# Amplificador de RF 60W



## lsedr (Jul 4, 2011)

Saludos C

*Podría este pequeño amplificador funcionar en los 26 y 27 Mhz en AM/LSB/USB   ???*







Link: 
http://es.scribd.com/doc/25064559/60W-Linear-Amplifier-With-IRF840

*- Podría sustituir el IRF840 por un IRFZ44N ??
- Puedo emplear toroides de PC ??
- Veo que tiene dos voltajes, cuáles son ??*


----------



## crimson (Jul 4, 2011)

Hola Isedr, en 26MHz el rendimiento de los MOSFET cae muchísimo, pero habría que probarlo a ver cuánto dá. >Lo que hay que cambiar es el capacitor de 560pF del Drain a masa, habría que poner uno más chico, tipo 100pF. Saludos C


----------



## lsedr (Jul 4, 2011)

gracias crimson por la info, aqui tengo una valvula 6146B a ver si me encuentras un esquema para ver si lo hago uno con esta válvula o hacer otro amplificador lineal a mosfet


----------



## crimson (Jul 4, 2011)

Esa válvula es excelente, hace muchos años ví un repetidor de 2M (144MHz) con una de estas a la salida. Podés hacer un lineal multibanda, desde 80 a 10M y le podés sacar fácil 50W sin problemas. Tendrías que conseguir una 12BY7 o una 6BQ5 para excitarla. Voy a buscar en algún Handbook de los 60's que debe haber algun circuito. Saludos C


----------



## lsedr (Jul 4, 2011)

crimson dijo:


> esa válvula es excelente, hace muchos años ví un repetidor de 2m (144mhz) con una de estas a la salida. Podés hacer un lineal multibanda, desde 80 a 10m y le podés sacar fácil 50w sin problemas. Tendrías que conseguir una 12by7 o una 6bq5 para excitarla. Voy a buscar en algún handbook de los 60's que debe haber algun circuito. Saludos c



*tengo:

12AX7 
6BZ6 
6EA8 
6CB6A

Podria servir ?*

ok crimson lo espero


----------



## crimson (Jul 5, 2011)

Hola Isedr, acá te mando algo de información de un transmisor con 6146, te estoy buscando más. Lamentablemente las válvulas que tenés son chicas, de recepción, necesitarías una que sea del tipo amplificadora de audio o salida vertical de TV, o en el peor de los casos, hacerte una salida MOSFET de 5W y con eso empujar la 6146. Saludos C


----------



## lsedr (Jul 5, 2011)

crimson dijo:


> Hola Isedr, acá te mando algo de información de un transmisor con 6146, te estoy buscando más.
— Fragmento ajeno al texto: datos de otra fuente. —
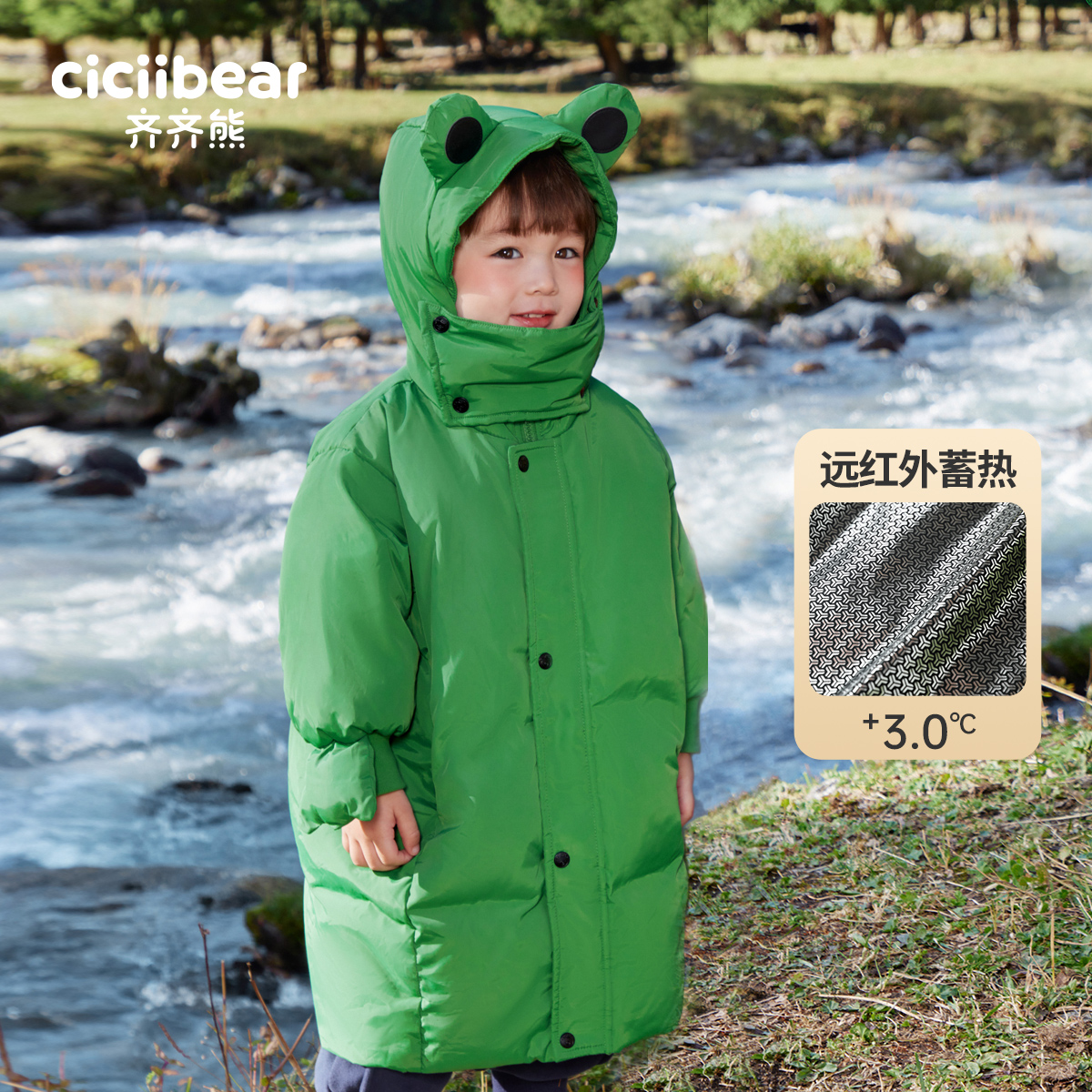 外套宝宝冬季 齐齐熊男童羽绒服中长款 加厚保暖儿童女童 三防蓄热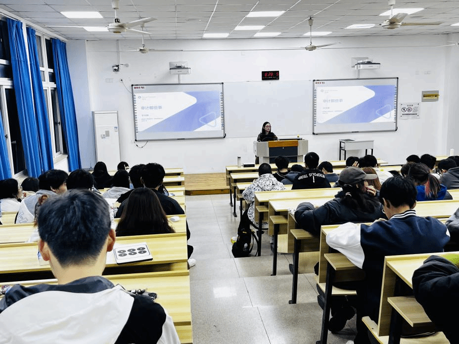 王光昌先生结合自身成长经历,强调韶华如驶,“百舸争流,奋楫者先”,冀望同学们以隙穴之窥的精神砥砺前行,用奋斗书写精彩人生。随后,王光昌先生详细地分析了当前的市场形势,着重点出了人工智能给会计行业的发展将带来巨大变革和影响,他指出,当代的员工应成为综合型会计才能避免被机器人所取代。紧接着,王光昌先生介绍了新时代财务管理体系和各业务系统财务业务一体化两方面,他希望同学们能够有意识地将所学的知识融合运用于实践中。王光昌先生提出,要掌握好底层逻辑,思维要与时俱进,提高分析问题能力和理解能力,将大学学习的知识转化为能力,增强自己的竞争力。

Lamentablemente las válvulas que tenés son chicas, de recepción, necesitarías una que sea del tipo amplificadora de audio o salida vertical de TV, o en el peor de los casos, hacerte una salida MOSFET de 5W y con eso empujar la 6146. Saludos C



Pos decime que hacer amigazo, pues nunca he trabajado con Válvulas, primera vez que tomo una en las manos jejejeje
*
Me gustaría hacer todo con componentes modernos, y solo usar el 6146B como salida, será posible ??
*

*Y estos ?? *











*Aqui otro:*

http://circuitdiagram.net/mosfet-linear-amplifier-300w50mhz.html

Este es para la 27 mhz:


----------



## lsedr (Jul 6, 2011)

Tengo el MRF 237 y estuve viendo este amplificador a ver si se podria modificar para excitar la Válvula 6146B.....http://www.lu1dma.com.ar/grupooeste/lineal50.htm


----------



## crimson (Jul 6, 2011)

Sí, pero el MRF237 es para VHF, si lo hacés trabajar en 80M va a ser fuente de oscilaciones parásitas por su exceso de ganancia a esas frecuencias. Con la salida de un "Novicio" creo que ya podés empujar la 6146. Saludos C


----------



## lsedr (Jul 6, 2011)

crimson dijo:


> Sí, pero el MRF237 es para VHF, si lo hacés trabajar en 80M va a ser fuente de oscilaciones parásitas por su exceso de ganancia a esas frecuencias. Con la salida de un "Novicio" creo que ya podés empujar la 6146. Saludos C



hola crimsom

Te comento que el amplificador no es para 80M que lo quiero, es para trabajar en la 26.555 LSB  mhz que es donde salen la mayoria radioaficionados de mi pais...


----------



## crimson (Jul 6, 2011)

Ahí sí, creo que le podés sacar 5W sin problemas. Saludos C


----------



## lsedr (Jul 7, 2011)

crimson dijo:


> Ahí sí, creo que le podés sacar 5W sin problemas. Saludos C



Hola Crimson, 73's

Ahora tengo una duda, lo que quiero es amplificar la señal de mi equipo RCI2950 que da unos 25 watts en SSB, pero creo que eso bastaría para mover a la valvula que tengo, o no ???


----------



## crimson (Jul 7, 2011)

En realidad sobraría, el tema es que para justificar el gasto, tendrías que hacer un lineal de 100W, porque para que se aprecie la diferencia, tenés que cuadruplicar potencia, y la 6146, trabajado de modo lineal, dá unos 50W sin exigirla, estaría bien para subir un QRP de 5W a 50W, ahí sí se justifica. Saludos C


----------



## adolfojavi (Jul 7, 2011)

Tengo un cb cobra 19 que avienta 4.5 wats y quiero aumentar su potencia, alguien tiene un diagrama de un (guarache) amplificador de 100 wats para 27mhz


----------



## crimson (Jul 7, 2011)

Hola adolfojavi, bienvenido al foro. Tratamos ese tema por aquí:
https://www.forosdeelectronica.com/f22/amplificador-100w-11-metros-cb-27mhz-25009/
Saludos C


----------



## adolfojavi (Jul 7, 2011)

Gracias crimson

Voy a checar el dato y despues te comento


----------